Ler a íntegra nos links acima...

quarta-feira, 24 de outubro de 2018

CIEX: o Itamaraty e a ditadura militar - Fabiano Post (Opera)

Ciex: A espúria relação do Itamaraty com os porões da ditadura

por Fabiano Post | Revista Opera
(Foto: Diego Baravelli)
Uma elaborada e austera malha de proteção – de desinformação e escamotagem – institucionalizada pelo Ministério das Relações Exteriores, que serviu de cortina de fumaça e supriu de forma eficaz, durante anos, o vazamento de informações sobre a íntima e vergonhosa relação de cooperação e conluio do Itamaraty com o regime militar. Associação essa que sempre foi negada, veementemente, pela instituição máxima da diplomacia nacional.
A luz esclarecedora dos fatos chegou no mês de julho de 2007, a partir da análise de 20 mil páginas de documentos secretos – acumulados ao longo de 19 anos -, e a partir dos quais foram produzidas uma série de reportagens pelo Correio Braziliense, que tiveram no entanto pouca visibilidade na mídia nacional.
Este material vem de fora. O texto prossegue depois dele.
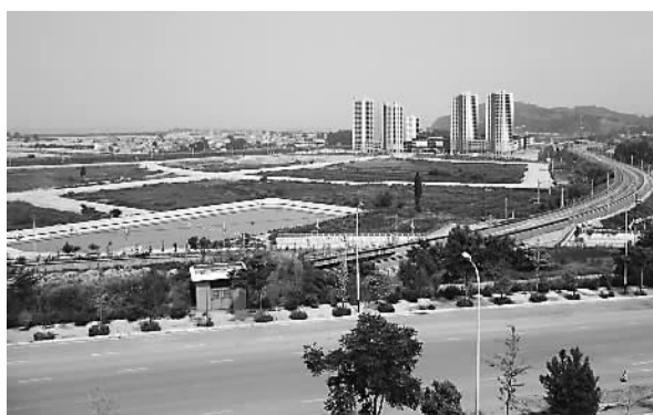
图为紧连泛亚铁路的腾俊国际陆港。

云南省副省长高树勋在视察该企业时，对“腾俊国际陆港”作出极大肯定，他说，腾俊区位优势显著，立体交通体系完备，建设标准高，既能借助滇中产业新区发展的东风，促进项目的腾飞，又能丰富产业新区的业态，为新区的建设添砖加瓦。“京东商城”等一批知名企业选择“腾俊国际陆港”作为合作伙伴是强强联合，下一步，“腾俊国际陆港”作为昆明铁路口岸的分作业区纳入昆明铁路口岸监管服务范围，通过大物流带动大商贸，抢占商机，利用物流、人流、资金流、信息流的全面流通，为云南辐射中心建设做贡献。

Escancarou a inglória e nefasta operação que foi secretamente conduzida nos anos de chumbo no gabinete 410, 4º andar, do anexo I do palácio do Itamaraty, e que colocou em “xeque” os brios da imagem “ilibada” da diplomacia brasileira.
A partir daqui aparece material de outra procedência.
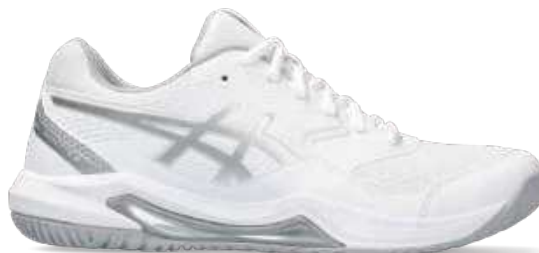
1042A237-101 尺码: 35.5-44.5 上市时间: 2023AW
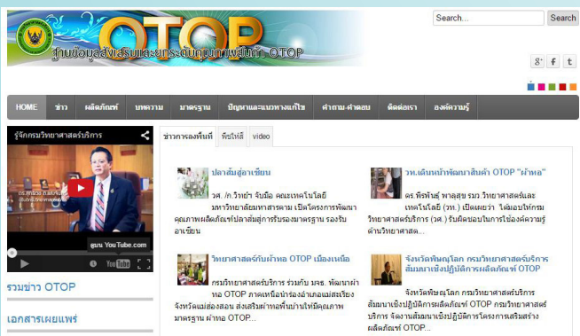
ภาพที่ 1 แสดงหน้าเว็บไซต์ฐานข้อมูลส่งเสริมและยกระดับคุณภาพสินค้า OTOP

O Ciex (Centro de Informações do Exterior), pouco ou nada conhecido do grande público em geral, ainda hoje, foi uma poderosa agência de inteligência nos moldes do M16 e CIA, tutelada pelo SNI (Serviço Nacional de Inteligência) no âmago do corpo diplomático brasileiro, o Itamaraty, que atuou nas sombras, entre 1966 e 1985.
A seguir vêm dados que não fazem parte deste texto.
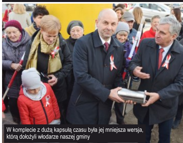
W komplecie z dużą kapsułą czasu była jej mniejsza wersja, którą dołożyli władarze naszej gminy

Dowiedz się więcej na... www.gmina.ksawerow.com
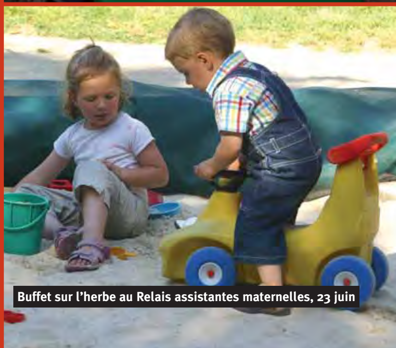
Buffet sur l'herbe au Relais assistantes maternelles, 23 juin
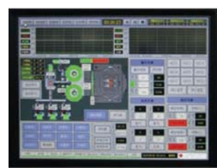
Система управления: Интерфейс человек-машина (HMI)
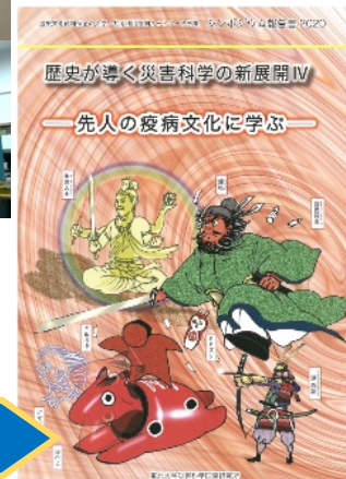
シンポジウム 報告書

疫病文化は地域社会の実態にあわせて柔軟に変化し、独特な信仰を形成。 感染症流行の収束にむけて重要なのは、医療・政策だけではなく地域社会の動向

Seu mentor e criador foi o ultraconservador, conspirador, colaborador da CIA e apoiador do Golpe de 64, o embaixador Manoel Pio Corrêa – ungido e amigo dos déspotas Humberto de Alencar Castello Branco e Golbery do Couto e Silva – que do Uruguai, em 66, onde foi embaixador, engendrou o “plano piloto” do que viria a ser o CIEX.
No mesmo ano, Pio Corrêa foi nomeado secretário-geral do Itamaraty. Todo poderoso, trava um caçada “moral”, política e pessoal a diplomatas que considerava “inadequados”, como “pederastas, bêbados e vagabundos” – o poeta Vinicius de Morais foi uma das vítimas – e leva a cabo a materialização de seu sonho ultranacionalista; o Centro de Informações do Exterior, através de portaria¹, oficialmente batizado de Assessoria de Documentação de Política Exterior (ADOC).
Para saber mais sobre a personalidade do “pai do Ciex”, vale a leitura esclarecedora de seu livro de memórias, “O mundo em que vivi”, onde Pio escancara sua caixa de pandora pessoal com a soberba e empáfia típicas dos reacionários.
Mais do que um simples órgão de informação, o Ciex foi o aparato de repressão, da ditadura, responsável por espionar, no exterior, os brasileiros exilados e banidos pelo regime militar; políticos, militares, intelectuais, guerrilheiros, estudantes, que tiverem seu ir e vir, fora do país, monitorados de perto, passo a passo.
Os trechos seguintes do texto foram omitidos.